Proving optimality of greedy algorithm

Question

Problem I came across is as follows:

We have n tasks with l_i and w_i being completion time and weight of task i. Come up with an algorithm that minimizes sum for all i of f_i * w_i where f_i is time when task i was finished. If for example some task i is scheduled first then f_i = t_i and if second then f_i = t_i + t_(first task).

I spent some time on this, I first thought that simply making the list of tasks by selecting tasks from highest weight to lowest weight will be good enough, but realized it's wrong, for example if we have 2 tasks:

1 task : w_i = 10, l_i = 100

2 task : w_i = 9, l_i = 1

if we selected the one with w_i 10 first then we would get 10*100 + 9*101 = 1909 but if we selected it second we would get 9*1 + 10*101 = 1019.

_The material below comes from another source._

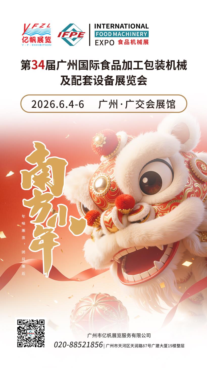 第34屆廣州國際食品加工包裝機械及配套設(shè)備展覽會(IFPE)將于2026年6月4-6日在廣州?廣交會展館舉行,IFPE食機展會由廣州市億帆展覽服務(wù)有限公司主辦,經(jīng)過多年的積淀與發(fā)展,已成為一個集食品生產(chǎn)、加工、包裝、食品招商全產(chǎn)業(yè)鏈于一體的行業(yè)品牌盛會。IFPE食機展與廣州國際大健康產(chǎn)業(yè)博覽會(IHE China大健康展)同期舉辦,將聯(lián)手為業(yè)內(nèi)人士搭建一個技術(shù)交流、促進合作、擴大上下游貿(mào)易、提高品牌和企業(yè)知名度的高品質(zhì)商貿(mào)平臺。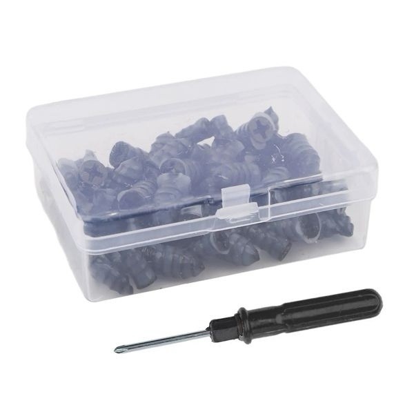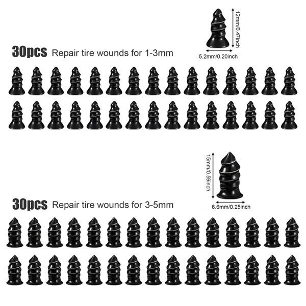 Product Feature: - Easy To Use: The simplest way to repair tires, Simply to insert the nail into the tire wound for a simple and efficient patching job. Repair your tire by yourself, and save your time. Emergency repair tools, easily repair punctures without removing the tire from the rim. - 2 Sizes: 60PCS total and we provide 2 sizes of tire repair nails for you, smaller one is approx. 5.3 x 12mm/0.2 x 0.47 inch and larger one is about 6.6 x 15mm/0.26 x 0.59 inch. - Premium Material and Good Seal: These rubber tire screws are made of high-quality materials rubber and iron, wear-resistant and durable. The middle thick thread can Effectively enhance the bite force between the screw and the tire, with a good sealing effect. - Easy Carrying: Compact package, easy for you to store and carry while traveling, driving, biking and so on. Repair tires by yourself! - Widely Application: These motorcycle tire repair tools have a wide range of usage, suitable for cars, mountain bikes, electric bikes, motorcycles, trucks, and other tubeless vehicles. Specification: Type: Tire Repair Kit Material: Rubber Small Size: about 0.2 x 0.47 inch Large Size: about 0.25 x 0.59 inch Package Included: 60 x Screw tire plugs 1 x Screwdiver

Now I think the optimal algo is the one that schedules tasks from highest ratio of w_i/l_i to the lowest, but I am not sure how to prove it. Could anyone help with it?

Answer 1

You are right the tasks should be scheduled according to decreasing order of w_i/L_i. Check the explanation of the proof of correctness given by Professor Tim Roughgarden Part 1 part 2

Answer 2

You should be able to show that if the tasks are not arranged as you suggest you can improve the schedule by swapping two adjacent tasks that are in the wrong order. If you subtract total weighted completion times for these two cases you should end up looking at an expression for the difference in the weighted completion times of something like

L1W1 + (L1 + L2)W2 - [L2W2 + (L2 + L1)W1] and finding that you gain by reversing the order if L1/W1 and L2/W2 compare in the wrong direction.